Jakarta malam ini terlalu sunyi. Barlian, seorang psikolog muda yang baru saja selesai menghadiri konferensi psikolog nasional. Langit Jakarta layaknya diorama perjalanan hidupnya pada malam itu. Sosok pemuda yang tak bisa dipisahkan dari kacamata dan aksen bicaranya yang khas nampak lain pada malam itu.
Ia termenung menghadap hamparan bintang dari balkon apartemennya, seakan ingin bercengkrama dengan penguasa semesta. Barli telah melakukan petualangan panjang untuk merumuskan jati dirinya. Setelah kehilangan kedua orangtuanya, tepat seminggu setelah ia disumpah menjadi seorang psikolog profesional.
Masa-masa kuliah adalah pertarungan sengit antara idealisme dan realitas hidup yang semakin absurd tiap harinya menurut Barli. Barli lahir dari keluarga sederhana, tapi ia tak pantang menyerah untuk mengaktualisasikan dirinya menjadi manusia seutuhnya.
Ia aktif dalam kegiatan sosial, begitu gandrungnya ia akan permasalahan sosial politik nasional. Anehnya ia tak bercita-cita terjun dalam panggung politik praktis, forum-forum diskusi selalu ia hampiri untuk menambah wawasan.
Terkadang hidup memang terlalu retoris untuk mereka yang bergelut dalam bidang sosial. Kalangan akademis terlalu memisahkan diri dari masyarakat, ungkapan itulah yang selalu menjadi acuan Barli agar tidak terjebak dalam kesenjangan kelompok sosial.
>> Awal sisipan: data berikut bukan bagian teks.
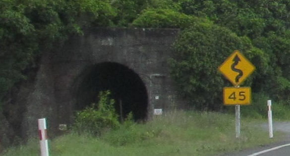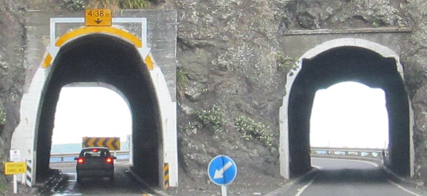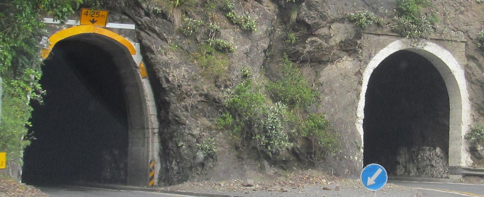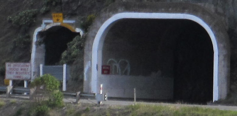Winding my way to the second road tunnel, Parititahi, with the same division of SB #1 and NB #2. At least in this case, #1 was also the first to be built, which is very obvious from the two southward-facing photos. New Zealand had to come back and square the top of the tunnel so trucks could get through, and post a warning not to overtake trucks while they negotiate the tunnel (not necessary for the wider NB bore).

Cinta merupakan barang langka yang Barli temukan, Barli terlalu sibuk bergumul dengan kegiatan sosialnya. Tapi semesta berkata lain, pada suatu waktu ada sosok wanita yang selalu menjadi dambaannya. Sean namanya, seorang dokter lulusan Jerman. Lintasan waktu memang begitu hampa rasanya. Jarak yang terbentang diantara mereka menjadi kendala nomer satu, seperti sejarah tembok Berlin yang memisahkan Jerman menjadi bagian barat dan timur.
Kelopak mata Barli perlahan tertutup, ia seakan sedang berada di lintasan waktu. menyambangi moment-moment yang tak terlupakan bersama sang pujaan hati.
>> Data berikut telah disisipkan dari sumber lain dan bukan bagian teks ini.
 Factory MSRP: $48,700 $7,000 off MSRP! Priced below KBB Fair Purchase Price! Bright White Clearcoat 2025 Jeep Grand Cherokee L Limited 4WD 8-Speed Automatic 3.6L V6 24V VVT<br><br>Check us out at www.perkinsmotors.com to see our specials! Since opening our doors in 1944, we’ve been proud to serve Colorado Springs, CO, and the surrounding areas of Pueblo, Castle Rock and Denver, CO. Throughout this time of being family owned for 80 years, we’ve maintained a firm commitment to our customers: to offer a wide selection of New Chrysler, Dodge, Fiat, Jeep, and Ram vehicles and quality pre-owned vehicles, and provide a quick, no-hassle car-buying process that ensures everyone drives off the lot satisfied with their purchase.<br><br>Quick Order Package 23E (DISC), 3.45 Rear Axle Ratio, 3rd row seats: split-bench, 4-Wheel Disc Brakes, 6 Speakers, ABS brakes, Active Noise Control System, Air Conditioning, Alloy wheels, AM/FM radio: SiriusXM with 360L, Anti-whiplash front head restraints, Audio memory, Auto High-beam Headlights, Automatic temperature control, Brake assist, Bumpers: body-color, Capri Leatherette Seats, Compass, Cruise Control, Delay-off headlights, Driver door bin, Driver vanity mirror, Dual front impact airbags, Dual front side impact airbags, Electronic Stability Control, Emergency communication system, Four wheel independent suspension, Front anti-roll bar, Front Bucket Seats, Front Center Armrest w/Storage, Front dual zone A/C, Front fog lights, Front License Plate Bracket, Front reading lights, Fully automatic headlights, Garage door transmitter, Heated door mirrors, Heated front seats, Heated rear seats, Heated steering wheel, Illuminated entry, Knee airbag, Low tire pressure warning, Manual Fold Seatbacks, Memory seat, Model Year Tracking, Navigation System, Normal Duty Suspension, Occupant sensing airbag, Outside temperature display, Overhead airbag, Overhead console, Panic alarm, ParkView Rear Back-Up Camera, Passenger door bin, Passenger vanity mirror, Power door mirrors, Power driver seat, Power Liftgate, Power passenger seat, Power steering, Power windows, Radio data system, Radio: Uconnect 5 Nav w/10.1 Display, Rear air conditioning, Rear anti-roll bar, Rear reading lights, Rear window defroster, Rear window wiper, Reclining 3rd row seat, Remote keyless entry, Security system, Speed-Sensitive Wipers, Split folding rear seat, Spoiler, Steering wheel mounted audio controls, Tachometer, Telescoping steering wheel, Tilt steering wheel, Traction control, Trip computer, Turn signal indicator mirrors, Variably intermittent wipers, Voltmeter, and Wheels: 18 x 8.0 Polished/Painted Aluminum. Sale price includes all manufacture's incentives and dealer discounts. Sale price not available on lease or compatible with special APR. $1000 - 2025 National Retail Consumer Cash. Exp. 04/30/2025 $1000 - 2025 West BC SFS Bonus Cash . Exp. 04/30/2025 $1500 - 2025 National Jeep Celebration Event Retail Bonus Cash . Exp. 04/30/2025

Barli sering dianggap cupu oleh teman-temannya karna tak pernah berdekatan dengan wanita lain, padahal kesempatan amatlah banyak.
~
Jauh sebelum malam itu, Barli pernah dekat dengan Sean. Awal pertemuan mereka setelah tak bersua puluhan tahun, moment reuni teman-teman sd menjadi awal pertemuan mereka. Barli memberanikan diri untuk menjalin hubungan yang cukup intens dengan Sean.
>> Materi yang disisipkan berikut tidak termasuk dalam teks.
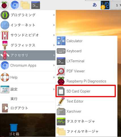 ●タスクバー(左端)のメニューアイコンから、「SD Card Copier」を起動します。 【 アクセサリ 】 → 【 SD Card Copier 】
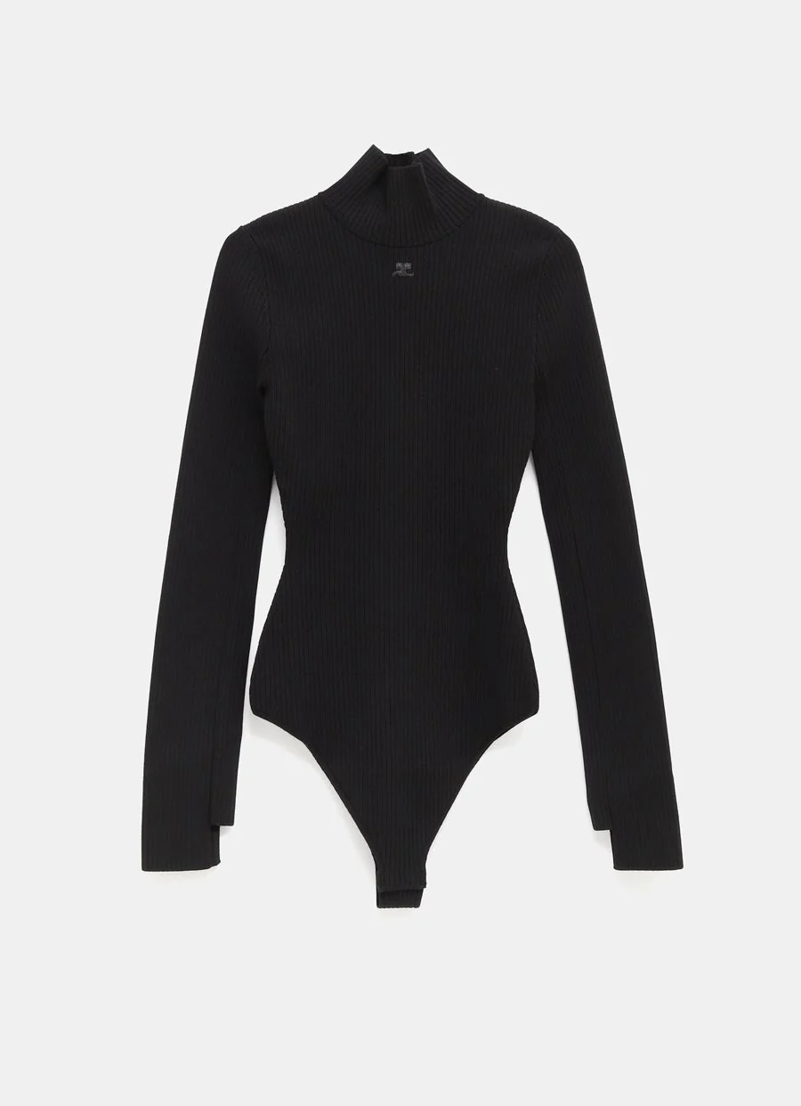 Body de Courrèges en tejido elástico de canalé con cuello alto, braguita con cierre de botones automáticos y corte ajustado. Talla normal, elige tu talla habitual. Tallaje francés para mujer.

"Kok bisa ya kita jadi dekat seperti ini" ujar Barli, Â sambil asyik menikmati sate. Ini adalah makan malam pertama mereka.
"sutradara diatas yang mengaturnya hehe.." Sean dengan senyum kecilnya mencoba memberi alasan.
Barli tidak begitu yakin akan takdir, menurutnya takdir hanya alasan bagi orang-orang lemah. Bukankah suatu fenomena terjadi karna hubungan sebab akibat?